Comment une série peut en engendrer une autre
Le projet de cette série « Talismans » est né de la rencontre d’abord fortuite entre deux matières industrielles - le papier kraft et le béton - dans le cadre d’un chantier de sculpture. En 1999, j’ai créé pour la commande publique, à Marne-la-Vallée, près de Paris, une œuvre de 7 x 6 mètres, constituée d’une soixantaine de pièces de béton sculpté qui recouvraient un mur curviligne : « Pierres d’éclipse ». C’est au cours de la fabrication de ces pièces que sont apparus les monotypes.
Pour protéger les moules de plexiglas dans lesquels je coulais le béton, j’utilisais un papier brun à fort grammage : une épaisse feuille de kraft à laquelle je donnais la forme d’une sorte de boîtier pour qu’elle tapisse le fond du moule, avec quatre retours perpendiculaires pour recouvrir les bords.

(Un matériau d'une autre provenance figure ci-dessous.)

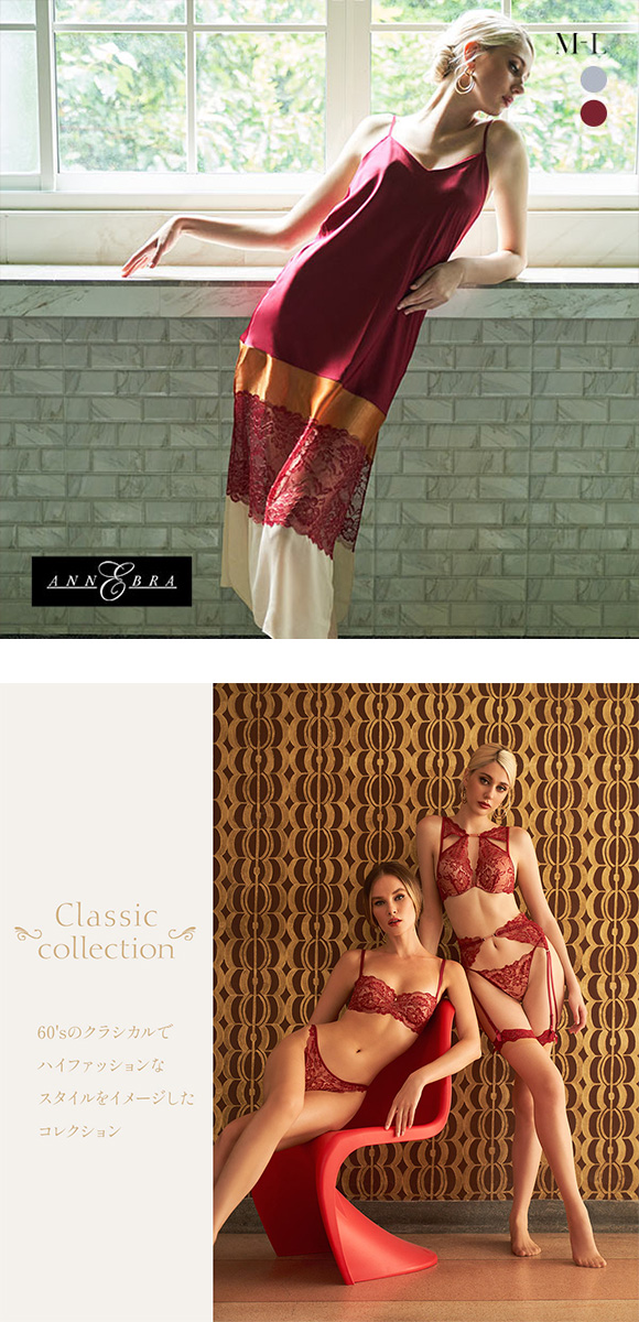 60'sのクラシカルでハイファッションなスタイルをイメージしたコレクションClassic。ゴールドのラメ糸が煌めく細やかなフラワーレースが、エレガントなスタイルにリュクスなエッセンスをプラスします。トーンを抑えた上品なBlueと、大人の色香を引き出すDark Redの2色展開。

À plat, cela avait un peu la forme d’une croix aux branches très courtes. En démoulant les premières dalles, je m’aperçois que ces feuilles de protection, maculées par le béton, présentaient des aspects très étranges, et parfois même si beaux, si étonnants que ces « résidus » m’ont immédiatement semblé pouvoir devenir la matière première d’autres œuvres, aussi intéressantes que les dalles sculptées elles-mêmes.

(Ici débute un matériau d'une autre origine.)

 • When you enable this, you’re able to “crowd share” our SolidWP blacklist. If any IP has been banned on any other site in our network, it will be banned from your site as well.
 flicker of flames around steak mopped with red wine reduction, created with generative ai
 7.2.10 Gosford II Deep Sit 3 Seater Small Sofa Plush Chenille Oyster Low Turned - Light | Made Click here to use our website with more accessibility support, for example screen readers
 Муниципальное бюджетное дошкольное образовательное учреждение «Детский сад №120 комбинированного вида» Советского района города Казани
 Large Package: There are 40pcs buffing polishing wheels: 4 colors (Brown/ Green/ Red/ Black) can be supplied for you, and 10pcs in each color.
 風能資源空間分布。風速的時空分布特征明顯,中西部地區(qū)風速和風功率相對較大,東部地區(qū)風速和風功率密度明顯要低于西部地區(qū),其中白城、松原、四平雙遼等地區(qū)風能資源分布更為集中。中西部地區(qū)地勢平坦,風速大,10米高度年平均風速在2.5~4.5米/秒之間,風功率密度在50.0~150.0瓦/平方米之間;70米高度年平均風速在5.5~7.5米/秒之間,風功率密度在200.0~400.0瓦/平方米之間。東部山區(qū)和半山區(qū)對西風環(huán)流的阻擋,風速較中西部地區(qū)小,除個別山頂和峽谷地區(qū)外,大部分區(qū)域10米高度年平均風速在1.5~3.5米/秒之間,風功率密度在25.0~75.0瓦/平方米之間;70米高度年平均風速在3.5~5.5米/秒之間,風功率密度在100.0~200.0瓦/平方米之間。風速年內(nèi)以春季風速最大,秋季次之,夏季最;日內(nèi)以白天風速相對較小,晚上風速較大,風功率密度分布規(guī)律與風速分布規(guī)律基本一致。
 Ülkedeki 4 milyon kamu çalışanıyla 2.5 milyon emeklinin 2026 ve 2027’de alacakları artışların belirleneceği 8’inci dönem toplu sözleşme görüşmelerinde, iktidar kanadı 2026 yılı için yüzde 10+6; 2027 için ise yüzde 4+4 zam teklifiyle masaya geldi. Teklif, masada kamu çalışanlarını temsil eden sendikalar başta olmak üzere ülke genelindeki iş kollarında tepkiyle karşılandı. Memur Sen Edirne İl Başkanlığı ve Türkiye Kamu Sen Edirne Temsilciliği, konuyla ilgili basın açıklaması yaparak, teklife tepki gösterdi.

En imbibant la feuille au moment de la coulée, en la chauffant et en la plissant au moment de la prise, puis en la tendant au cours de la période de séchage, le béton avait métamorphosé le papier en une matière nouvelle, froncée et cuite comme un vieux parchemin, couverte d’empreintes sauvages et de signes obscurs, avec ici et là des traces d’écritures indéchiffrables. Quoique aléatoires, les résultats étaient si probants qu’une fois le chantier de sculpture terminé, je me suis décidé à inverser le processus en créant de nouvelles dalles de ciment dans le seul but d’obtenir des feuilles de papier transfiguré, avec le projet d’explorer systématiquement cette nouvelle technique d’action graphique qui paraissait vouloir donner naissance à une forme inédite de monotype.

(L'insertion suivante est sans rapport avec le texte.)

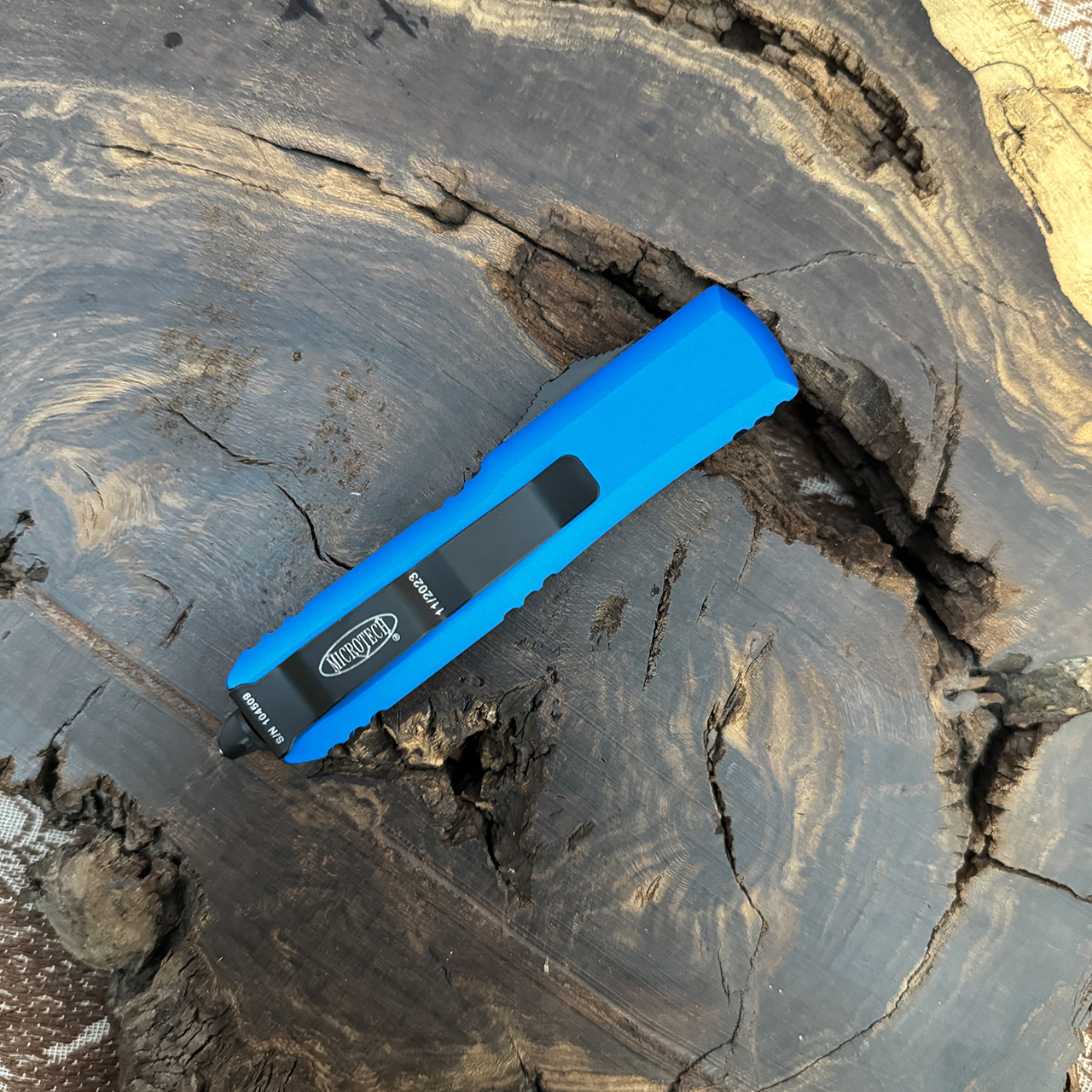 This model features blue anodized 6061-T6 aluminum handle scales, the front has the Microtech Claw logo. Black finished M390 stainless steel partially serrated tanto blade. Black finished hardware, pocket clip, and glass breaker tip. The blade has the Microtech logo and model information. The pocket clip has the Microtech logo, serial number, and production date. Brand new in box.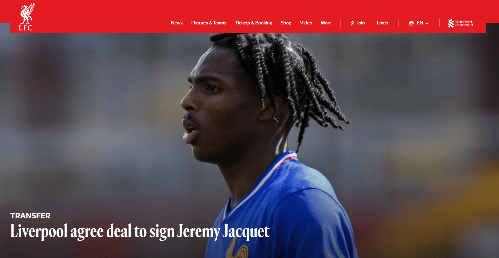 利物浦官方公告称:利物浦已与雷恩就杰里米-雅凯的转会达成协议。这名后卫将在2026-27赛季前加盟利物浦,不过还需等待工作许可及国际转会手续的完成。

Il s’agissait de sculpter et de peindre le papier avec du béton, en laissant s’opérer les miracles du hasard, mais aussi en contrôlant l’expérience par la maîtrise des composants. Ciments blancs, gris, bruns, noirs, ou colorés de pigments dans la masse pour distribuer les couleurs. Poussière de silice, sable fin, gravillons, graviers ou cailloux pour la granulométrie. Bétons liquides ou à peine mouillés, à prise rapide ou lente, à basse ou haute température, pour l’action mécanique sur l’aspect du papier. Barres de métal, règles en acier ou en cuivre oxydés, pour marquer des lignes, mailles de fibre de verre pour créer des réseaux.
Cette première opération a fourni une centaine de feuilles contenant toute la gamme des valeurs, du brun presque noir au gris pâle, et une infinité de singularités de surface, du pli imperceptible à la froissure la plus profonde, de la présence discrète d’un simple film de ciment à l’inclusion de traces épaisses de béton. La seconde phase du travail a consisté à transformer ce matériau en œuvres proprement dites. Déchirures, arrachements, assemblages : en conservant fidèlement la forme initiale et matricielle du boîtier, j’ai recomposé chaque unité par mariages et métissages des feuilles.
Vieux cuirs, fragments de tissus amérindiens ou antiques parchemins, la matière devenait hybride, à mi-chemin du végétal et de l’animal, avec une certaine tendance à évoquer l’espace de la prophétie et de la magie. Béton et kraft : associés l’un à l’autre, ces deux matériaux industriels, modernes et pauvres, presque dérisoires, donnaient naissance à des propositions plastiques à l’allure intemporelle, d’un aspect paradoxalement riche et archaïque. Le travail final a consisté à souligner cette anomalie en intégrant aux formes tourmentées des feuilles les quelques interventions qu’inspiraient les caprices des reliefs : à-plats d’encre pâle ou de peinture acrylique très liquide, tracés à la pierre noire ou au crayon graphite, fragments de feuilles d’or ou de plomb, goudron, cire naturelle.